Audio One of the best online flash games in recent years has been Super Mario Crossover, in which various Nintendo characters, from the bloke from Contra through to Megaman, are placed with Marioland with all their special moves intact, allowing players to shoot a turtle in the face to kill them rather than jump on their shell (not that either is a particularly humane way to die). John Dorney’s new Doctor Who audio The Wrath of the Iceni offers similar premise tweaking delights for the Fourth Doctor, dropping him into not just a pure historical, but a pure celebrity historical and a pure celebrity historical about a strong, powerful woman. As Dorney says in the extra features with the kind of embarrassment only a fan can display, such things simply didn’t happen on television in that era and it’s nice to be given the opportunity to redress the balance.
It’s with a single line pitch. Leela meets Boudica. It’s the AD 60s and the queen of the Iceni is cutting a swathe through Norfolk killing as many Romans as she can lay her sword on. Still with his Henry Higgins hat on, the Doctor brings his savage companion to meet her ancestors, recklessly unfortunately because Leela becomes somewhat enamoured by this warrior monarch and her cause and before long he’s knee deep in having to explain to her, just as he has previously to Barbara in The Aztecs and later Donna in The Fires of Pompeii, how for all the bloodshed and genocide which is about the spill across the land, he can’t interfere in established events not least because Boudica isn’t necessarily the noble noble that her image might initially suggested.

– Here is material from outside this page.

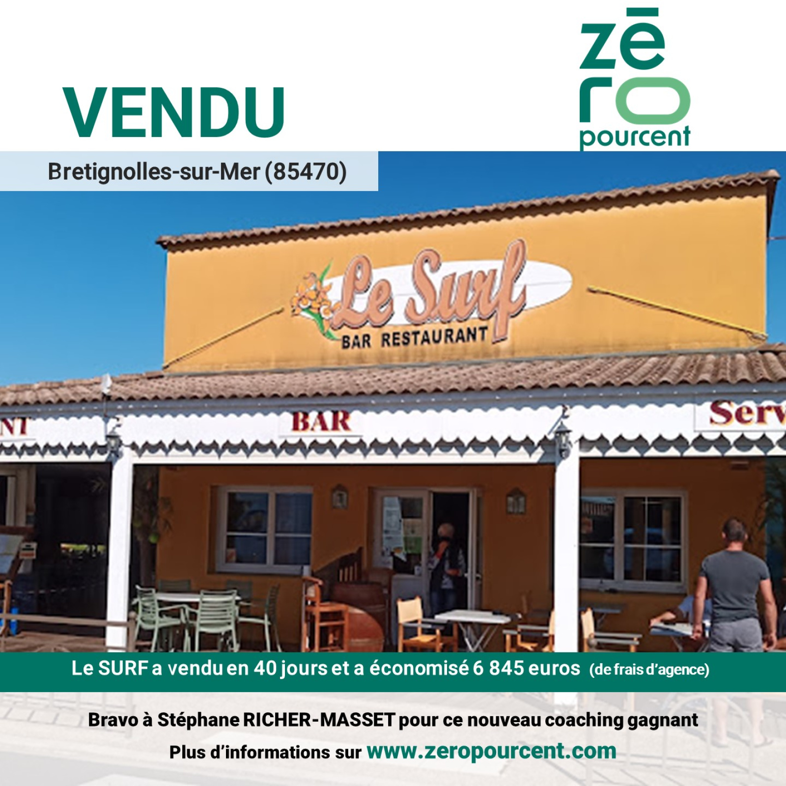 Bretignolles-sur-Mer (85470)Le SURF a vendu en 40 jours et a économisé 6 845 euros (de frais d’agence)
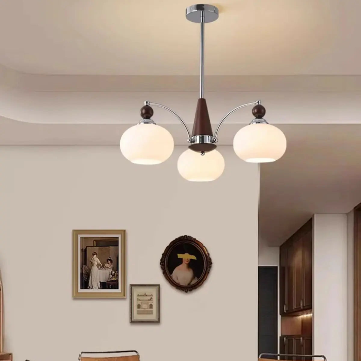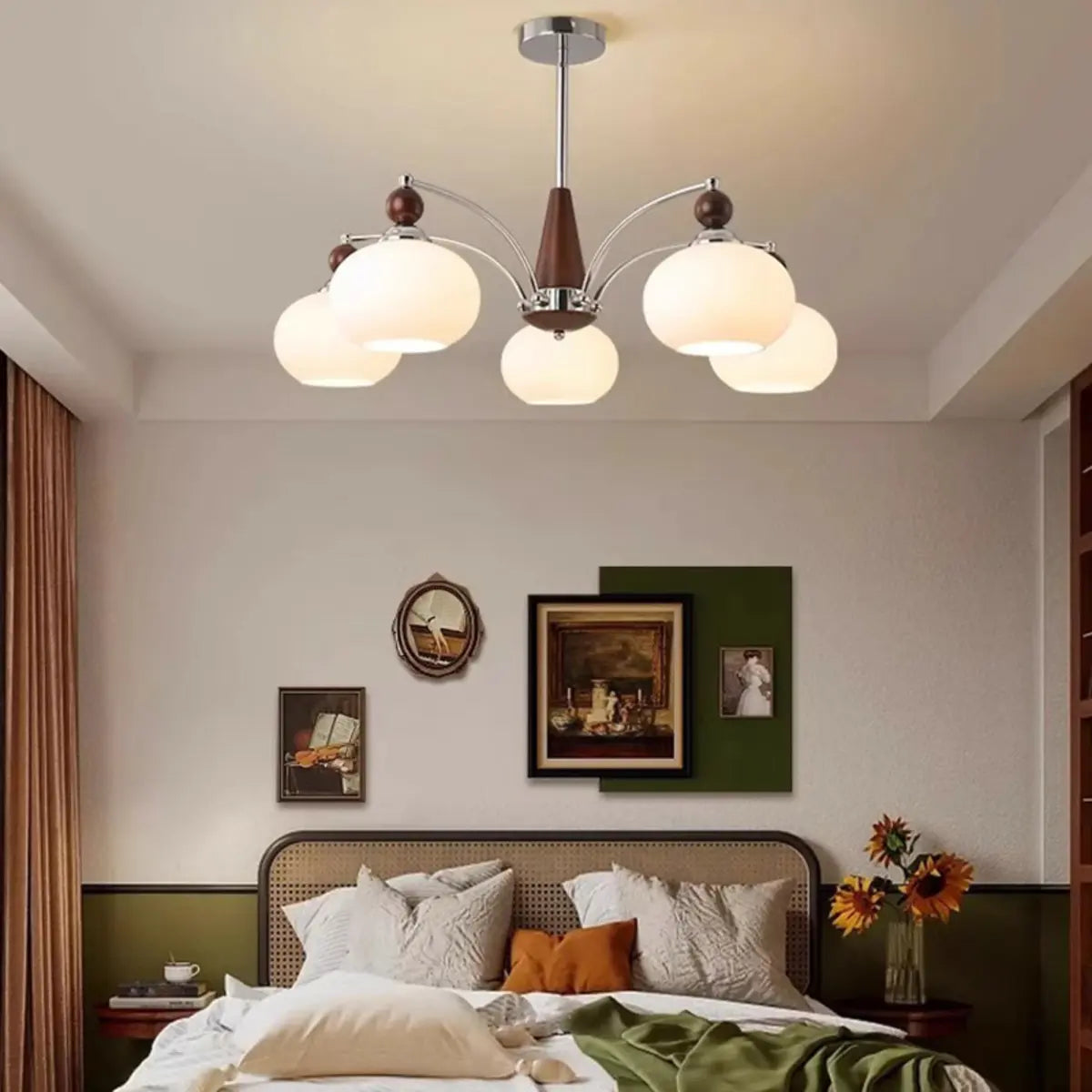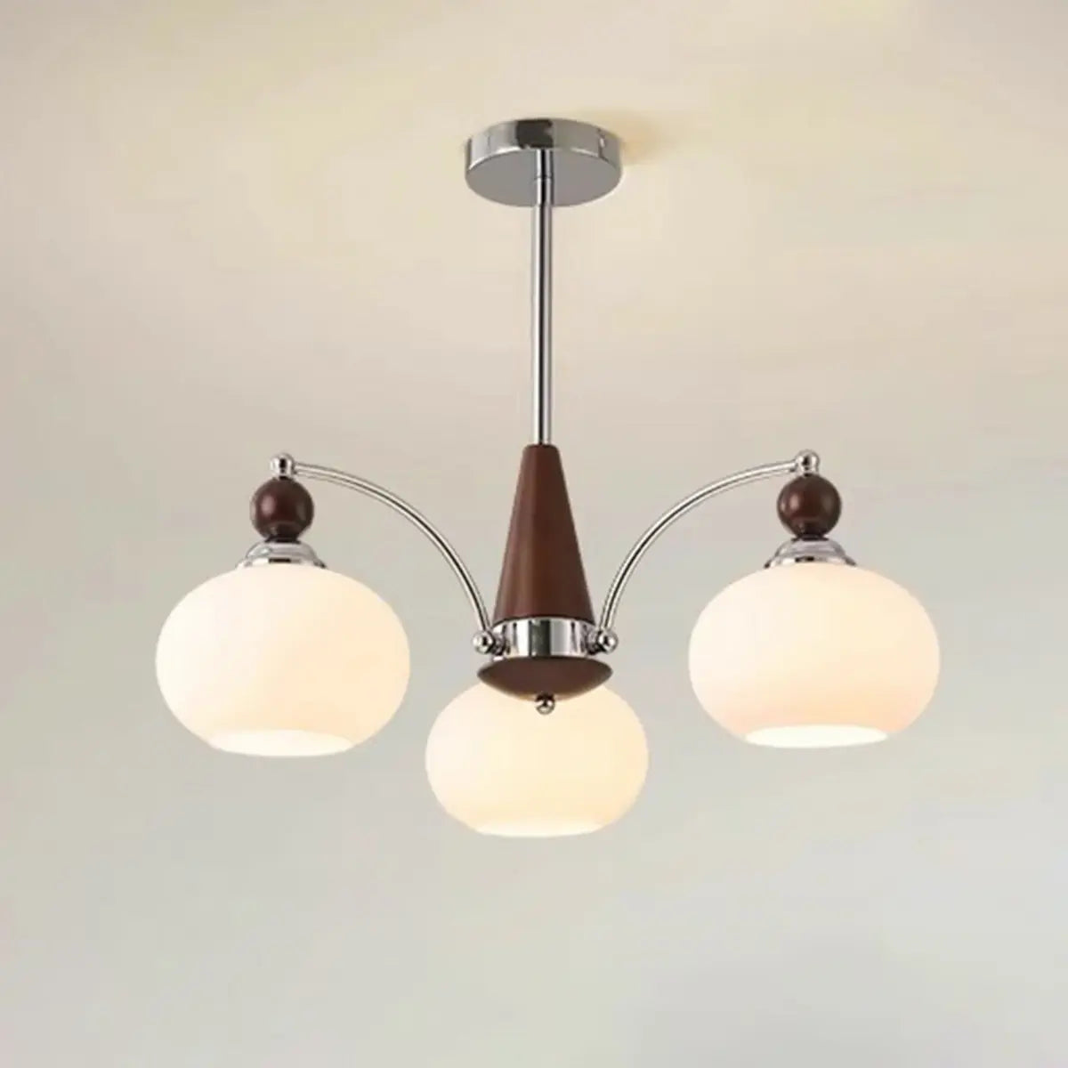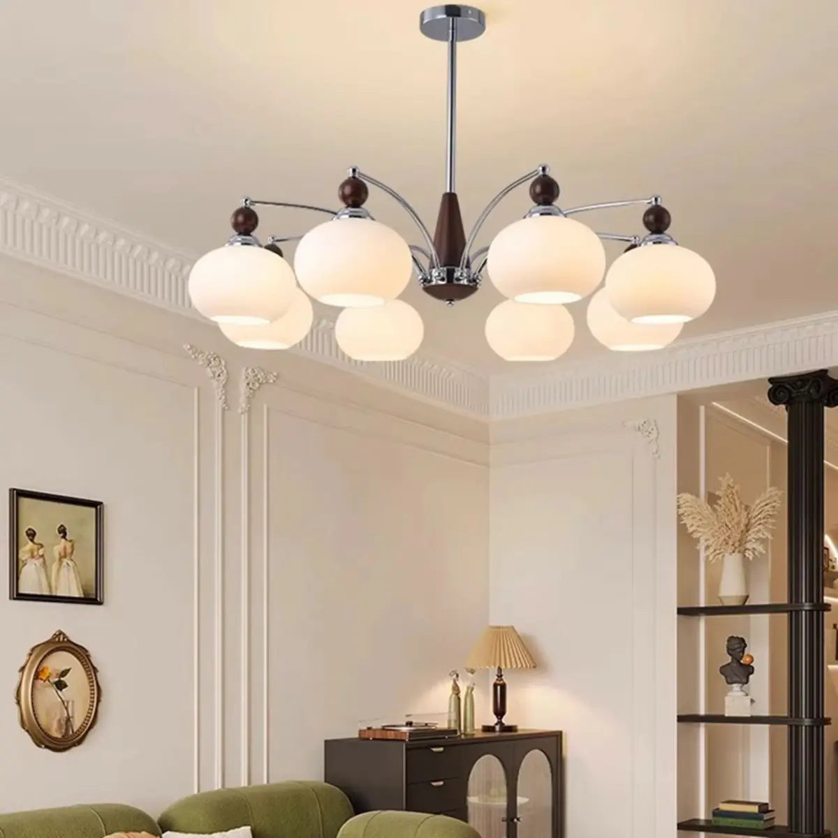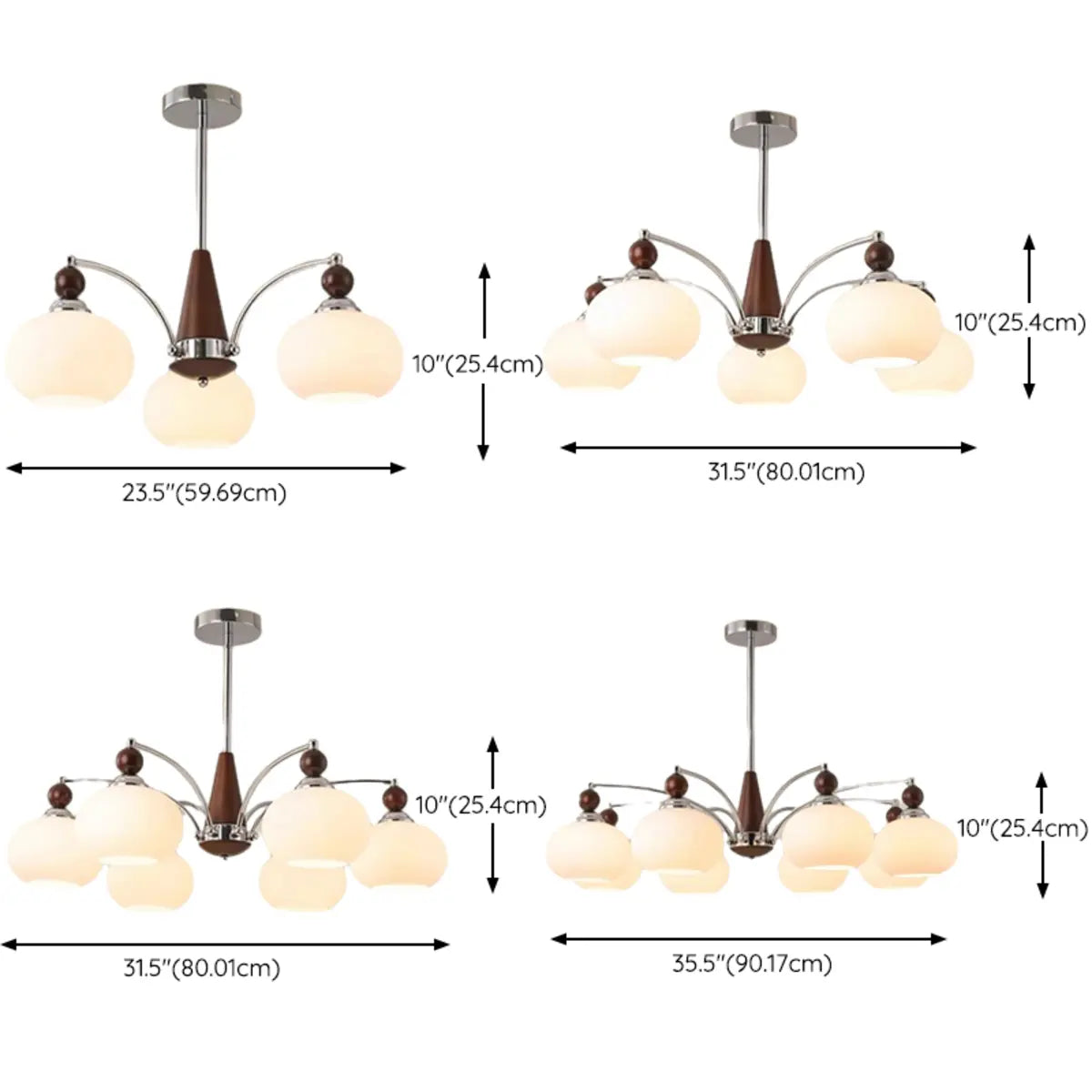 ZOWALA - Sleek Walnut Orb White Dome Chandelier

If Dorney’s story isn’t doing anything particularly new in franchise terms, this is all very new for the Fourth Doctor. The main trick to keeping it in period is having Tom dial down his personality slightly ala the JNT years so that the performances of Louise Jameson and Ella Kenion (who’s Boudica is turned up to eleven), fill in the gap, swords drawn, shouting about honour, duty and revenge. The Doctor spends much of the play trapped in tents, which means his companion has to rationalise and realise her mistakes alone. Leela might have been the feistiest even murderous of companions but this is a rare occasion when she’s allowed off the end of the Doctor’s scarf, so that we can at least hear what a warrior of the Sevateem is like in battle (The Face of Evil accepted).
This is full on adventure and about as bloodthirsty as Who’s ever been, heads sent on hiatus from their bodies, horses felled and dismembered and even the implication of sexual violence. Torture is mentioned more than once as a valid form of information gathering and the overall impression is that Dorney remembering the show’s previous Roman holidays is desperate to bring some realism to proceedings. It’s surprising actually that Cardiff signed off on this mayhem considering how some of the spin-off media has been neutered post-2005, the show becoming a “family” series again after years of growing with its fans. It might even be strong enough for Mary Whitehouse to lurch from the grave with a Marleyesque flourish and rattle her chains around the Maidenhead offices of Big Finish.
But for all that Dorney doesn’t forget that the pure historical was originally designed to be a vehicle to bring the children and us older children a bit of educational content and thanks to the vague arc of Leela’s tutelage we're gifted some wonderful scenes in which the Doctor simply explains to us the heartbreaking history of Boudica, right through to her death. It’s these moments which demonstrate how much was lost on television when it gave into the generic bug-eyed monster syndrome. As Tom himself suggests out of character at the end of the cd, The Wrath of the Iceni does have a monster in the form of Boudica herself and the play at its most memorable when Kenion’s in full flow clearly relishing the chance to inhabit a woman who had the capacity to be just as murderous, arrogant and fallible as her male counterparts.
Doctor Who: The Wrath of the Iceni from Big Finish is out now. Review copy supplied.
[The Wrath of the Iceni also has an "interesting" casting connection. Ella Kenion previously played Harriet, one of the crew members on The Teselecta in Let's Kill Hitler, which also featured Alex Kingston as River Song. Kingston has also played Boudica in this ITV biopic.]